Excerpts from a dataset
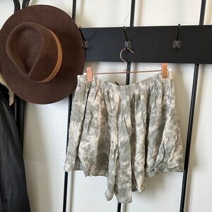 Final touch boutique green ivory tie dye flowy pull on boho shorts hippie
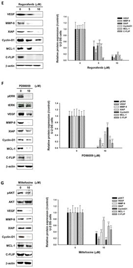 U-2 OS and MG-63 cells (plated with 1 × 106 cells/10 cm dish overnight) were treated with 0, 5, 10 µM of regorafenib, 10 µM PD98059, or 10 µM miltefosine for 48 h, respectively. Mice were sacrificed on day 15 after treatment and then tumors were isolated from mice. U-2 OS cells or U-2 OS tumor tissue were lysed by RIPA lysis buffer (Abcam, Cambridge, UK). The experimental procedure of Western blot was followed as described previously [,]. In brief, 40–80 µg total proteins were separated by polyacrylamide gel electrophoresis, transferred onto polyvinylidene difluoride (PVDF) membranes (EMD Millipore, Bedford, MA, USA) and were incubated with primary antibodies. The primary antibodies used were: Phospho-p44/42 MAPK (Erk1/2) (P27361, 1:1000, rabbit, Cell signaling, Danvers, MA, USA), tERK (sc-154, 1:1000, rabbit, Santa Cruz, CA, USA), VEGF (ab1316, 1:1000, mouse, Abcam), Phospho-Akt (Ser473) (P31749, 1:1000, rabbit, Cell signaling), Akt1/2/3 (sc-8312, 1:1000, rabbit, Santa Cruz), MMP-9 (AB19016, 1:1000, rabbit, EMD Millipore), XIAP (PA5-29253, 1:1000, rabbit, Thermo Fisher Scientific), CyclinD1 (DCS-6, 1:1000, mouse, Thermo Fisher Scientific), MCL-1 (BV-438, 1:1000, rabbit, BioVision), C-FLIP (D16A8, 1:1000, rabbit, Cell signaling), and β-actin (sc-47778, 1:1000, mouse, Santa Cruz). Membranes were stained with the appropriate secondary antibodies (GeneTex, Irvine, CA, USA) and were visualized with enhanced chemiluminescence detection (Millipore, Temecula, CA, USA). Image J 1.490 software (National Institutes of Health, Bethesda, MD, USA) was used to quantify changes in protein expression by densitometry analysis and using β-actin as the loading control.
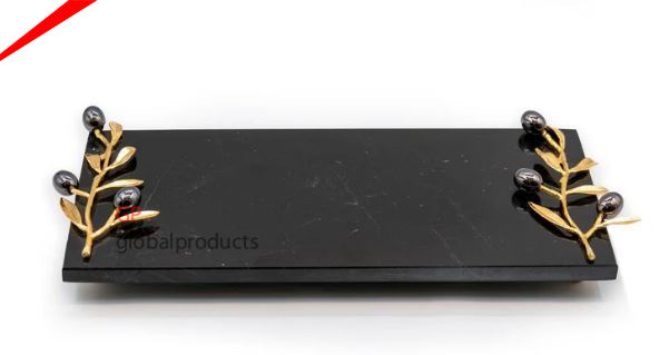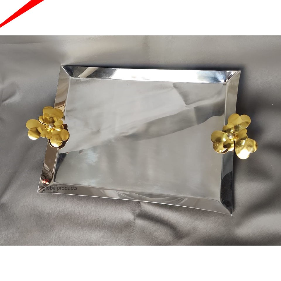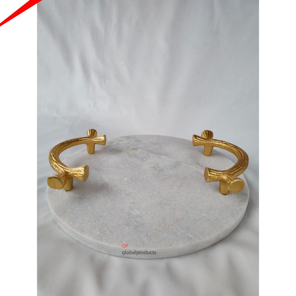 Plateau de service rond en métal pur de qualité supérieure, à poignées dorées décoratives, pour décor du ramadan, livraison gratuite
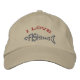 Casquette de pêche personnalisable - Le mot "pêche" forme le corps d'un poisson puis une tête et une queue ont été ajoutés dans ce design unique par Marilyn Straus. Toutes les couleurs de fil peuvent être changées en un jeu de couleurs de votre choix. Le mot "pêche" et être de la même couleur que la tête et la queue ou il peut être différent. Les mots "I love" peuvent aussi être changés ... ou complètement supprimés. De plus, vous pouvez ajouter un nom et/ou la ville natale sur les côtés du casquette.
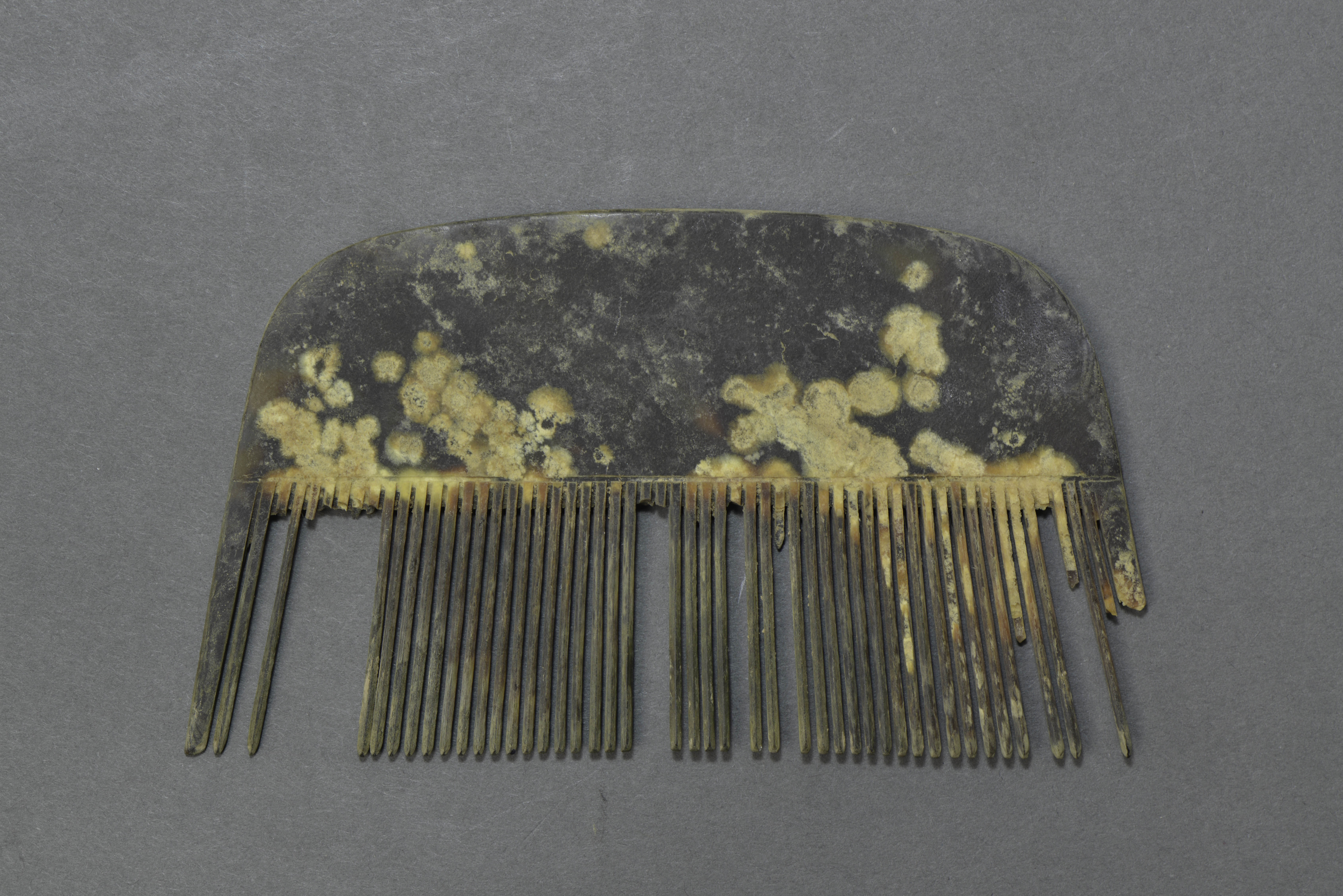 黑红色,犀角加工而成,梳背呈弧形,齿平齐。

### WHAT NEEDS TO BE DONE
Print all records verbatim, excluding pictures.

### YOUR RESPONSE
 Final touch boutique green ivory tie dye flowy pull on boho shorts hippie
 U-2 OS and MG-63 cells (plated with 1 × 106 cells/10 cm dish overnight) were treated with 0, 5, 10 µM of regorafenib, 10 µM PD98059, or 10 µM miltefosine for 48 h, respectively. Mice were sacrificed on day 15 after treatment and then tumors were isolated from mice. U-2 OS cells or U-2 OS tumor tissue were lysed by RIPA lysis buffer (Abcam, Cambridge, UK). The experimental procedure of Western blot was followed as described previously [,]. In brief, 40–80 µg total proteins were separated by polyacrylamide gel electrophoresis, transferred onto polyvinylidene difluoride (PVDF) membranes (EMD Millipore, Bedford, MA, USA) and were incubated with primary antibodies. The primary antibodies used were: Phospho-p44/42 MAPK (Erk1/2) (P27361, 1:1000, rabbit, Cell signaling, Danvers, MA, USA), tERK (sc-154, 1:1000, rabbit, Santa Cruz, CA, USA), VEGF (ab1316, 1:1000, mouse, Abcam), Phospho-Akt (Ser473) (P31749, 1:1000, rabbit, Cell signaling), Akt1/2/3 (sc-8312, 1:1000, rabbit, Santa Cruz), MMP-9 (AB19016, 1:1000, rabbit, EMD Millipore), XIAP (PA5-29253, 1:1000, rabbit, Thermo Fisher Scientific), CyclinD1 (DCS-6, 1:1000, mouse, Thermo Fisher Scientific), MCL-1 (BV-438, 1:1000, rabbit, BioVision), C-FLIP (D16A8, 1:1000, rabbit, Cell signaling), and β-actin (sc-47778, 1:1000, mouse, Santa Cruz). Membranes were stained with the appropriate secondary antibodies (GeneTex, Irvine, CA, USA) and were visualized with enhanced chemiluminescence detection (Millipore, Temecula, CA, USA). Image J 1.490 software (National Institutes of Health, Bethesda, MD, USA) was used to quantify changes in protein expression by densitometry analysis and using β-actin as the loading control.
 Plateau de service rond en métal pur de qualité supérieure, à poignées dorées décoratives, pour décor du ramadan, livraison gratuite
 Casquette de pêche personnalisable - Le mot "pêche" forme le corps d'un poisson puis une tête et une queue ont été ajoutés dans ce design unique par Marilyn Straus. Toutes les couleurs de fil peuvent être changées en un jeu de couleurs de votre choix. Le mot "pêche" et être de la même couleur que la tête et la queue ou il peut être différent. Les mots "I love" peuvent aussi être changés ... ou complètement supprimés. De plus, vous pouvez ajouter un nom et/ou la ville natale sur les côtés du casquette.
 黑红色,犀角加工而成,梳背呈弧形,齿平齐。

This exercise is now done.